__PROBLEM DESCRIPTION__: The result should be the listing below restated word for word, with images left out.

__SUPPLIED INFORMATION__:
┏━━
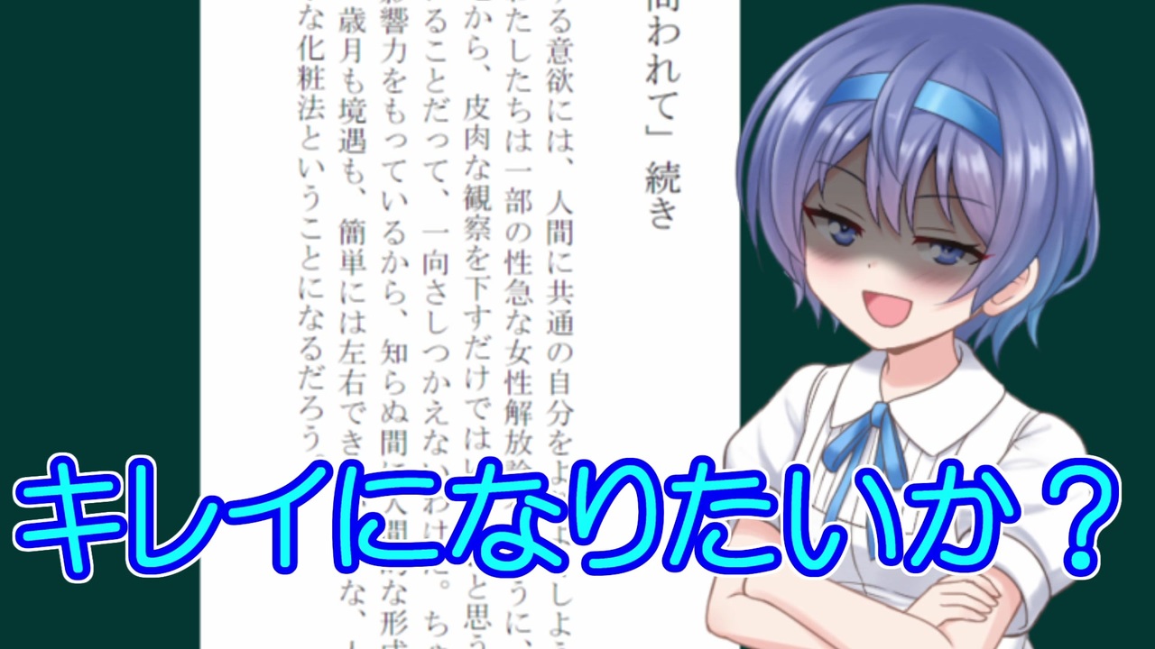 <span style="color: #ff0000; font-size: 24px;"><strong>何歳からでも美肌になれる!</strong></span><br><span style="font-size: 10px;">のだろうか</span><br><br>今回で「読書と思索」の紹介は終わりです。<br><br>昨日予約投稿してしまったので広告者一覧に載せることが出来ませんでしたが<br>前回の動画(#34)にハム小笠原様と雛櫻(茶店親父)様にも広告を頂きました<br>ありがとうございました<br>その他の動画にも広告して頂いた方がいらっしゃいます<br>この場を借りて御礼申し上げます<br><br>新規様へ<br>私の動画はどこから見ても何となく分かると思うので<br>興味を持ったところから、つまりどこからでも見て下さい<br>どこからみてもツヅミチャンカワイイヤッター<br><br>最近面白かった動画<br><a href="https://www.nicovideo.jp/watch/sm38905865" class="watch">sm38905865</a><br><a href="https://www.nicovideo.jp/watch/sm38879652" class="watch">sm38879652</a><br><a href="https://www.nicovideo.jp/watch/sm38895165" class="watch">sm38895165</a><br><a href="https://www.nicovideo.jp/watch/sm38906513" class="watch">sm38906513</a><br><a href="https://www.nicovideo.jp/watch/sm38891660" class="watch">sm38891660</a><br><br>田中美知太郎の本<br>「哲学入門」<br><a href="https://www.nicovideo.jp/watch/sm38178543" class="watch">sm38178543</a><br><br>「読書と思索」<br>1/4:<a href="https://www.nicovideo.jp/watch/sm38316739" class="watch">sm38316739</a><br>2/4:<a href="https://www.nicovideo.jp/watch/sm38532626" class="watch">sm38532626</a><br>3/4:<a href="https://www.nicovideo.jp/watch/sm38877038" class="watch">sm38877038</a><br>4/4:ここ<br><br>冗談か本気か分からないことをつぶやいているところ<br><a href="https://twitter.com/n__m__e" target="_blank" rel="noopener nofollow">https://twitter.com/n__m__e</a>
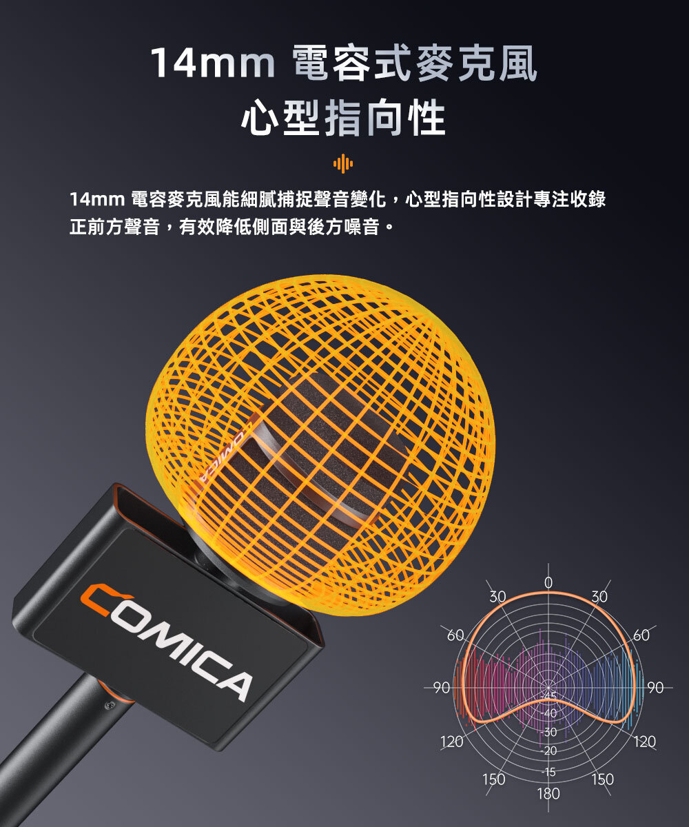 14mm 電容麥克風能細膩捕捉聲音變化,心型指向性設計專注收錄正前方聲音,有效降低側面與後方噪音。
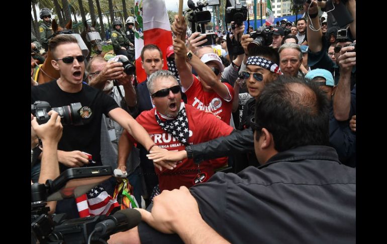 Internacional | La policía detuvo a varios que lanzaron objetos en el Centro de Convenciones de Anaheim Arrestan a manifestantes tras evento de Trump en California La policía detuvo a varias personas que lanzaron objetos en el Centro de Convenciones de Anaheim Por: NTX 25 de mayo de 2016 - 20:17 hs Luego de que Trump se retiró este miércoles, un pequeño grupo de manifestantes permaneció en la zona. AFP / M. Ralston LOS ÁNGELES, ESTADOS UNIDOS (25/MAY/2016).- Varios manifestantes fueron arrestados en Anaheim, tras las tensiones entre grupos antagónicos que asistieron a un evento del aspirante republicano a la presidencia estadounidense, Donald Trump, informaron autoridades policíacas. Los arrestos se dieron luego de que grupos a favor y en contra se enfrascaron en discusiones y se lanzaron objetos al término del evento celebrado en el Centro de Convenciones de Anaheim, confirmaron voceros de la policía. Una vez que finalizó el evento político, el Departamento de Policía de Anaheim resolvió que la manifestación terminara y ordenó que la gente congregada se dispersara, tras declarar que se trataba de una "presencia pública no autorizada". En abril pasado, en el primer evento de Trump en California, 20 personas fueron detenidas en Costa Mesa, después de que se produjeran incidentes en los que fueron dañados varios vehículos, algunos de la policía. Luego de que Trump se retiró este miércoles, un pequeño grupo de manifestantes permaneció en la zona e hizo caso omiso de las órdenes de la policía para dispersarse. Un bote de basura fue incendiado, y algunos manifestantes lanzaron piedras, pero fueron contenidos por los agentes y la policía montada. La víspera, al término de un evento político de Trump en el Estado de Nuevo México se registraron algunos incidentes, cuando un pequeño grupo de manifestantes lanzó consignas contra el republicano y rompieron una piñata con su imagen. Temas Norte América Estados Unidos California Republicanos Donald Trump Recibe las últimas noticias en tu e-mail Todo lo que necesitas saber para comenzar tu día Registrarse implica aceptar los Términos y Condiciones
┗━━
__FINISHED TASK__:
 <span style="color: #ff0000; font-size: 24px;"><strong>何歳からでも美肌になれる!</strong></span><br><span style="font-size: 10px;">のだろうか</span><br><br>今回で「読書と思索」の紹介は終わりです。<br><br>昨日予約投稿してしまったので広告者一覧に載せることが出来ませんでしたが<br>前回の動画(#34)にハム小笠原様と雛櫻(茶店親父)様にも広告を頂きました<br>ありがとうございました<br>その他の動画にも広告して頂いた方がいらっしゃいます<br>この場を借りて御礼申し上げます<br><br>新規様へ<br>私の動画はどこから見ても何となく分かると思うので<br>興味を持ったところから、つまりどこからでも見て下さい<br>どこからみてもツヅミチャンカワイイヤッター<br><br>最近面白かった動画<br><a href="https://www.nicovideo.jp/watch/sm38905865" class="watch">sm38905865</a><br><a href="https://www.nicovideo.jp/watch/sm38879652" class="watch">sm38879652</a><br><a href="https://www.nicovideo.jp/watch/sm38895165" class="watch">sm38895165</a><br><a href="https://www.nicovideo.jp/watch/sm38906513" class="watch">sm38906513</a><br><a href="https://www.nicovideo.jp/watch/sm38891660" class="watch">sm38891660</a><br><br>田中美知太郎の本<br>「哲学入門」<br><a href="https://www.nicovideo.jp/watch/sm38178543" class="watch">sm38178543</a><br><br>「読書と思索」<br>1/4:<a href="https://www.nicovideo.jp/watch/sm38316739" class="watch">sm38316739</a><br>2/4:<a href="https://www.nicovideo.jp/watch/sm38532626" class="watch">sm38532626</a><br>3/4:<a href="https://www.nicovideo.jp/watch/sm38877038" class="watch">sm38877038</a><br>4/4:ここ<br><br>冗談か本気か分からないことをつぶやいているところ<br><a href="https://twitter.com/n__m__e" target="_blank" rel="noopener nofollow">https://twitter.com/n__m__e</a>
 14mm 電容麥克風能細膩捕捉聲音變化,心型指向性設計專注收錄正前方聲音,有效降低側面與後方噪音。
 Internacional | La policía detuvo a varios que lanzaron objetos en el Centro de Convenciones de Anaheim Arrestan a manifestantes tras evento de Trump en California La policía detuvo a varias personas que lanzaron objetos en el Centro de Convenciones de Anaheim Por: NTX 25 de mayo de 2016 - 20:17 hs Luego de que Trump se retiró este miércoles, un pequeño grupo de manifestantes permaneció en la zona. AFP / M. Ralston LOS ÁNGELES, ESTADOS UNIDOS (25/MAY/2016).- Varios manifestantes fueron arrestados en Anaheim, tras las tensiones entre grupos antagónicos que asistieron a un evento del aspirante republicano a la presidencia estadounidense, Donald Trump, informaron autoridades policíacas. Los arrestos se dieron luego de que grupos a favor y en contra se enfrascaron en discusiones y se lanzaron objetos al término del evento celebrado en el Centro de Convenciones de Anaheim, confirmaron voceros de la policía. Una vez que finalizó el evento político, el Departamento de Policía de Anaheim resolvió que la manifestación terminara y ordenó que la gente congregada se dispersara, tras declarar que se trataba de una "presencia pública no autorizada". En abril pasado, en el primer evento de Trump en California, 20 personas fueron detenidas en Costa Mesa, después de que se produjeran incidentes en los que fueron dañados varios vehículos, algunos de la policía. Luego de que Trump se retiró este miércoles, un pequeño grupo de manifestantes permaneció en la zona e hizo caso omiso de las órdenes de la policía para dispersarse. Un bote de basura fue incendiado, y algunos manifestantes lanzaron piedras, pero fueron contenidos por los agentes y la policía montada. La víspera, al término de un evento político de Trump en el Estado de Nuevo México se registraron algunos incidentes, cuando un pequeño grupo de manifestantes lanzó consignas contra el republicano y rompieron una piñata con su imagen. Temas Norte América Estados Unidos California Republicanos Donald Trump Recibe las últimas noticias en tu e-mail Todo lo que necesitas saber para comenzar tu día Registrarse implica aceptar los Términos y Condiciones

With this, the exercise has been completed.